First Quarter 2009 Financial Results

Revenues for the three months ended March 31, 2009 were $14.8 million, reflecting the continued effects of the global economic recession and the continued restrictive credit environment in the aesthetic laser industry. Revenues for the comparable period of 2008 were $36.8 million. Gross margin for the first quarter of 2009 was 60.9% of total revenues, against 66.3% for the same period of 2008. The quarter-over-quarter decline in gross margin reflected the higher percentage of laser revenue from international markets, which tend to have a lower sales price through third-party distributors than sales made through the North American direct distribution.

“Aesthetic laser capital equipment spending was down significantly in the first quarter of 2009 against the same period of 2008, affecting all of our product lines and geographies,” said Cynosure president and chief executive officer Michael Davin. “The global recession has restricted credit for many practitioners, and we believe it has discouraged those with borrowing capacity from buying equipment until the economic forecast brightens. The first two months of the first quarter were very slow; however, we were pleased that March order volume picked up slightly. We have continued to reduce expenses in response to our lower revenue levels.”
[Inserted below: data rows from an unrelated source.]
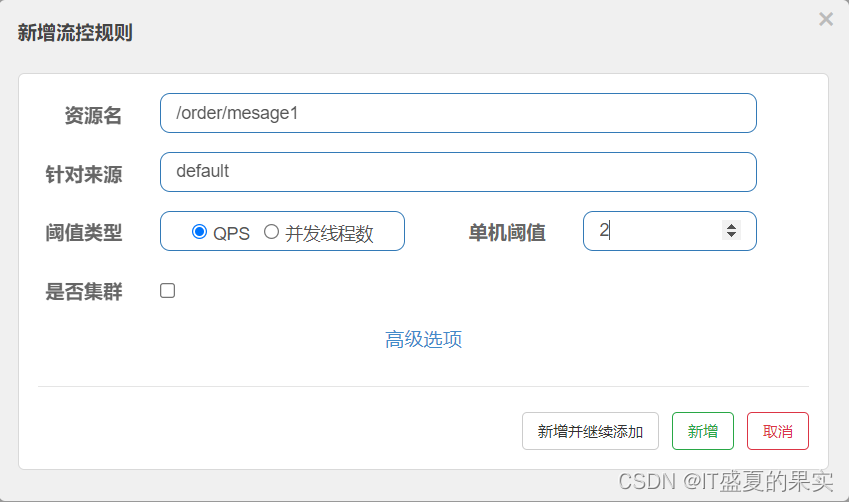 sentinel会记录我们服务的请求,我们可以简单的对一个接口进行流控测试。如上图所示点击“流控”后。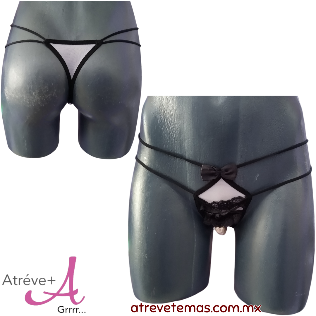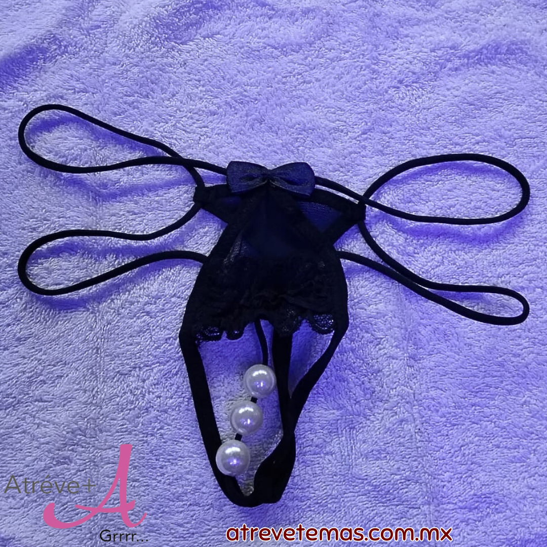 Tanga femenina, mesh, abierta y con perlas
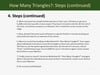 The Teambuilders series from Manage Train Learn is a collection of 43 classic and original teambuilding exercises which are ideal for groups who want to improve their teamwork and teambuilding skills. There are 14 categories in the collection, including "Design and Build Games", "TV-Based Games"; and "Outdoor Games". Each teambuilder is a PowerPoint slide presentation and comes with full instructions, steps, timings, and worksheets meaning you have everything you need to run a successful exercise. Having used these teambuilders in the training room many times, we can guarantee that, after you run one of these Teambuilders, your team will grow in confidence and spirit, right before your eyes. This presentation is "How Many Triangles?" and consists of 17 slides in the Geometric games category.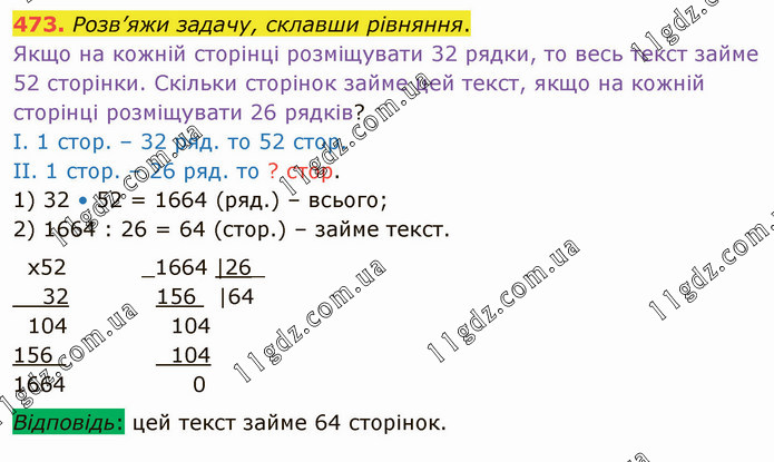 Розв’яжи задачу, склавши рівняння. Якщо на кожній сторінці розміщувати 32 рядки, то весь текст займе 52 сторінки. Скільки сторінок займе цей текст, якщо на кожній сторінці розміщувати 26 рядків? І. 1 стор. – 32 ряд. то 52 стор. ІІ. 1 стор. – 26 ряд. то ? стор. 1) 32 • 52 = 1664 (ряд.) – всього; 2) 1664 : 26 = 64 (стор.) – займе текст.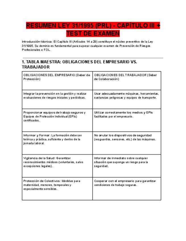 Esquema ultra-resumido del Capítulo III de la Ley de Prevención de Riesgos Laborales. Incluye tabla comparativa de obligaciones (Empresario vs Trabajador), explicación del Artículo 21 (Riesgo grave e inminente) y 5 preguntas tipo test con soluciones expli
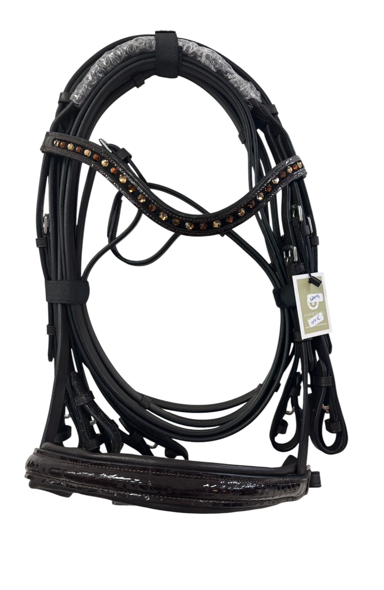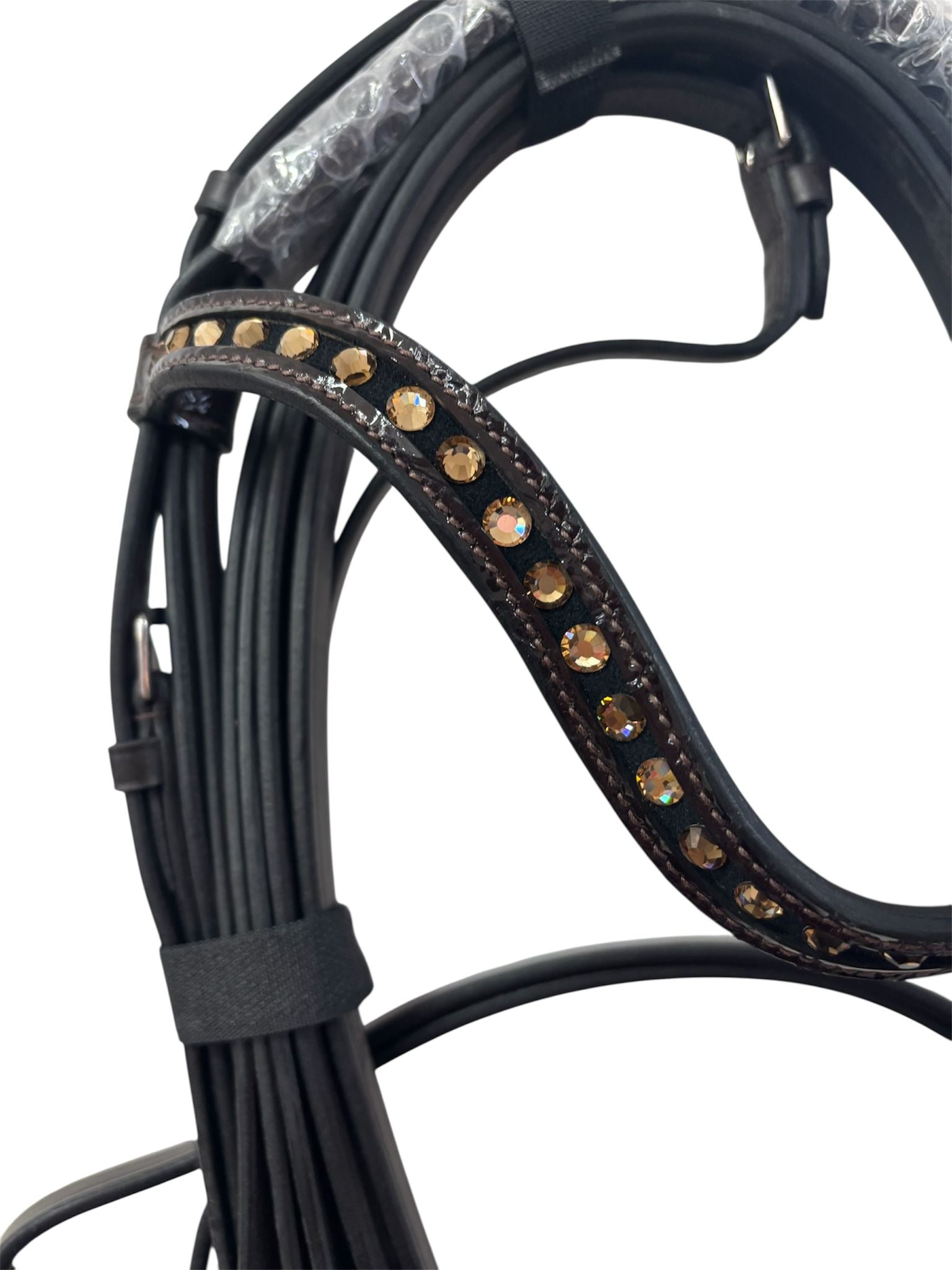 Esta hermosa cabezada doble Di Layla II está hecha de cuero de alta calidad y cuenta con una elegante muserola. Su elegante apariencia está garantizada gracias a los detalles de charol y la hermosa frontalera ondulada con pedrería. La muserola y la corona acolchadas ofrecen la máxima comodidad, y los cierres de gancho facilitan su uso. Esta cabezada incluye riendas de doble cincha. ¡Prepárate para brillar en tu próxima competición con esta impresionante cabezada!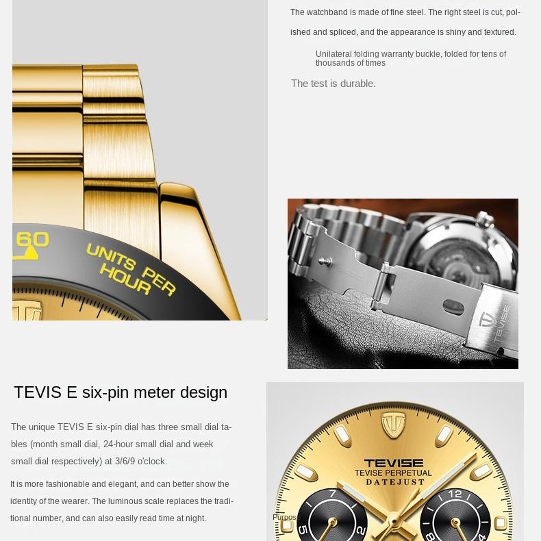 TEVISE Светящиеся мужские механические часы Модные деловые многофункциональные механические часы Мужские часы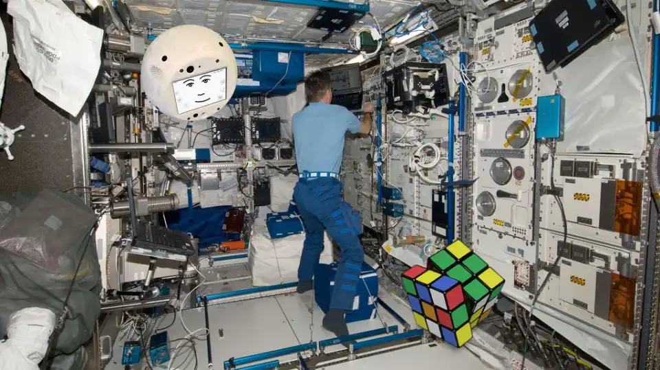 Astronauts can ask CIMON for instructions or information using everyday language, keeping their hands and minds free for other, more important things. The picture shows the first CIMON during an activity on the ISS involving a Rubik’s Cube.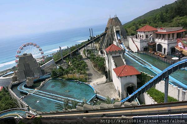 纜車上拍的 可以看接下來要玩什麼 對 摩天輪要去 還有 小比指定要玩右邊衝下水的海賊灣 哇~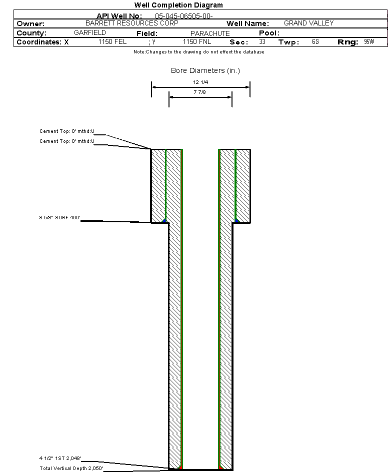 | Wellbore Completed | | Completion Date: | 5/26/1985 | | Measured TD: | 2050 ft. | Measured PB depth: | 1950 ft. | | True Vertical TD: | 2050 ft. | True Vertical PB depth: | | | Casing: | String Type: SURF, Hole Size: 12.25 in., Size: 8.625 in., Top: 0 ft., Depth: 469 ft., Weight: , Citings Type: HISTORICAL | | Cement: | Sacks: 0, Top: 0 ft., Bottom: , Determination Method: | | Casing: | String Type: 1ST, Hole Size: 7.875 in., Size: 4.5 in., Top: 0 ft., Depth: 2048 ft., Weight: , Citings Type: HISTORICAL | | Cement: | Sacks: 0, Top: 0 ft., Bottom: , Determination Method: | | Formation | Interval Top | Log Bottom | Cored | DSTs | | WASATCH | 0 ft. | | | |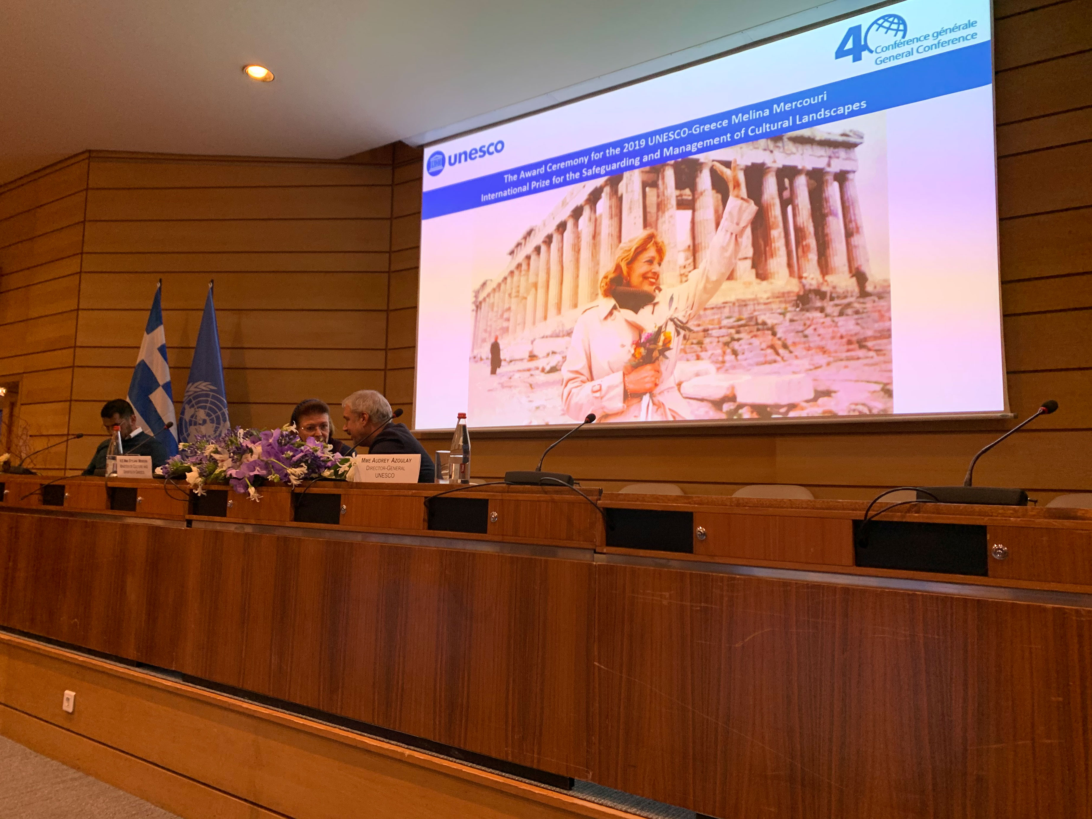 Το βραβείο «Μελίνα Μερκούρη» που θεσπίστηκε από την Ελλάδα το 1995, απονέμεται ανά διετία σε θεσμούς, ιδρύματα ή προσωπικότητες που διακρίνονται στην προστασία του πολιτιστικού τοπίου και είναι το μοναδικό βραβείο σε αυτόν τον τομέα.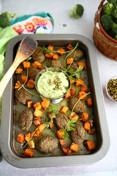 http://schneiderchen.de | © 2018 | http://angiesrecipes.blogspot.com There is nothing better than homemade falafel and these baked broccoli falafels with mung beans are super easy, healthy, and flavourful. Enjoy them for a meat free lunch or dinner with avocado sauce or garlicky-yoghurt dressing.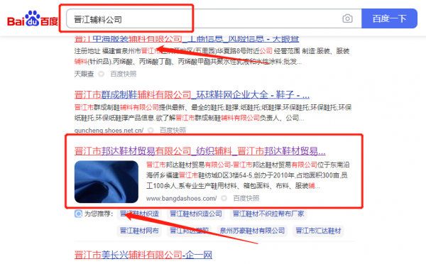 我們公司與晉江市*達(dá)鞋材貿(mào)易有限公司合作中,對(duì)這個(gè)公司所經(jīng)營(yíng)的輔料這個(gè)行業(yè)提供了網(wǎng)站排名,與該公司的合作,更多的客戶讓我們公司為其提供SEO優(yōu)化,通過(guò)每一次合作,我們公司不斷完善自己,同時(shí)希望合作伙伴在經(jīng)營(yíng)的路上越來(lái)越好。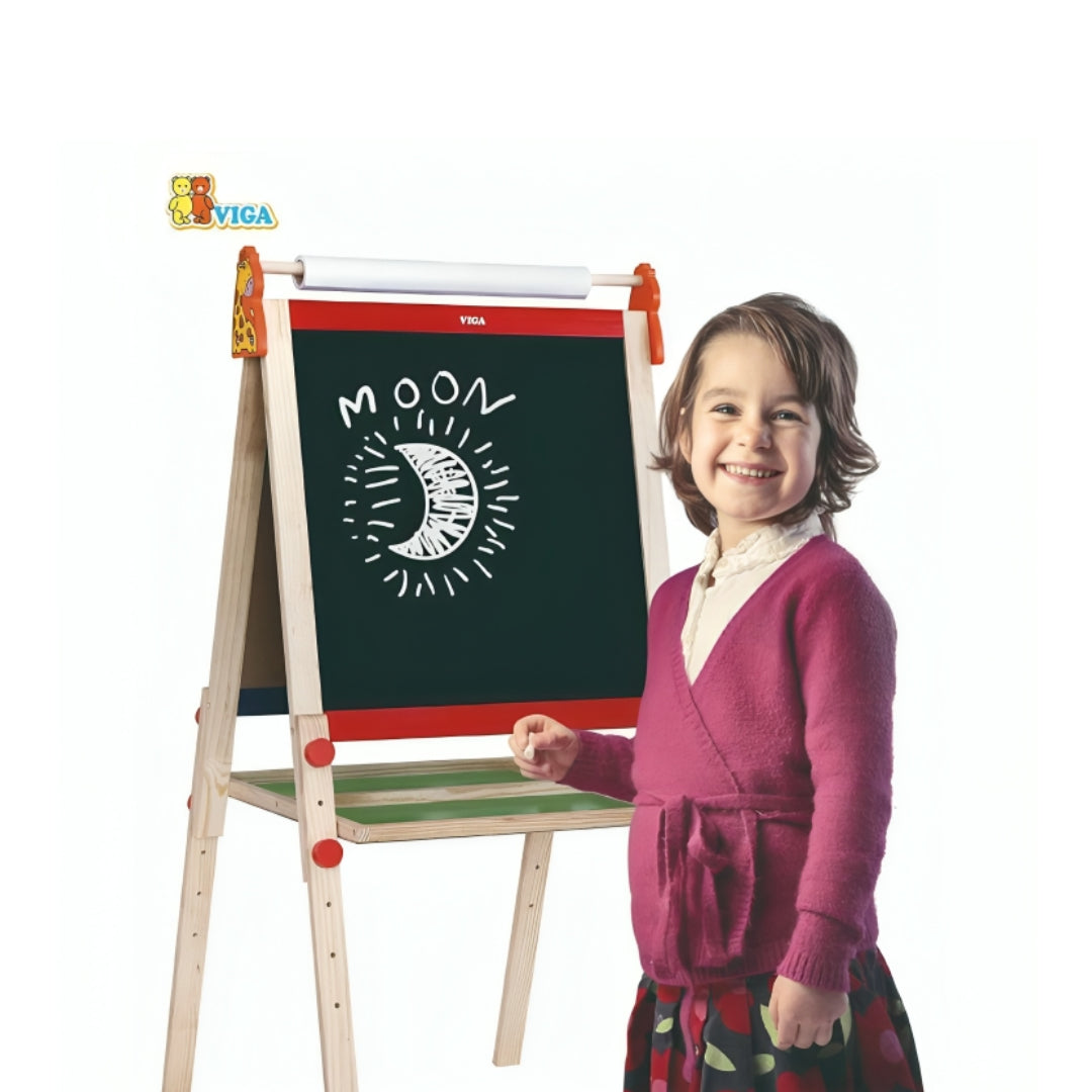 A multiple functional wooden easel is great for learning and being creative. Whether your kids love painting, writing on board or marking things with marker, this double-sided kid’s art easel will delight your little artist.

As Cynosure announced previous month, in addition to steps it took in the fourth quarter of 2008 the company implemented a number of first quarter cost-cutting measures designed to generate an annualized operating expense savings of between $14 million and $18 million in 2009 against 2008 levels. Among these steps, Cynosure reduced its employees to 271 from 285 at the end of 2008 and further cut planned spending for various programs.

“Although we have moved aggressively to lower costs, we also have focused on retaining the people, technology assets and R&D innovations that we believe are crucial to the long-term success of our company,” Davin said. “Our experienced direct sales force, outstanding product portfolio and unique intelligent-delivery systems have helped to establish Cynosure as a leader in the aesthetic industry, and remain vital to our organization as we go forward.”

Business Outlook

“Despite a challenging first quarter, we remain encouraged about the prospects for the laser aesthetic industry and are committed to taking the steps necessary to manage the business profitably for the long term,” Davin said. “Our recent opening of a direct sales office in Korea, the introduction of new products such as Elite MPX, and investments in technological enhancements such as SmartSense with ThermaGuide, are all integral to our long-term growth strategy.”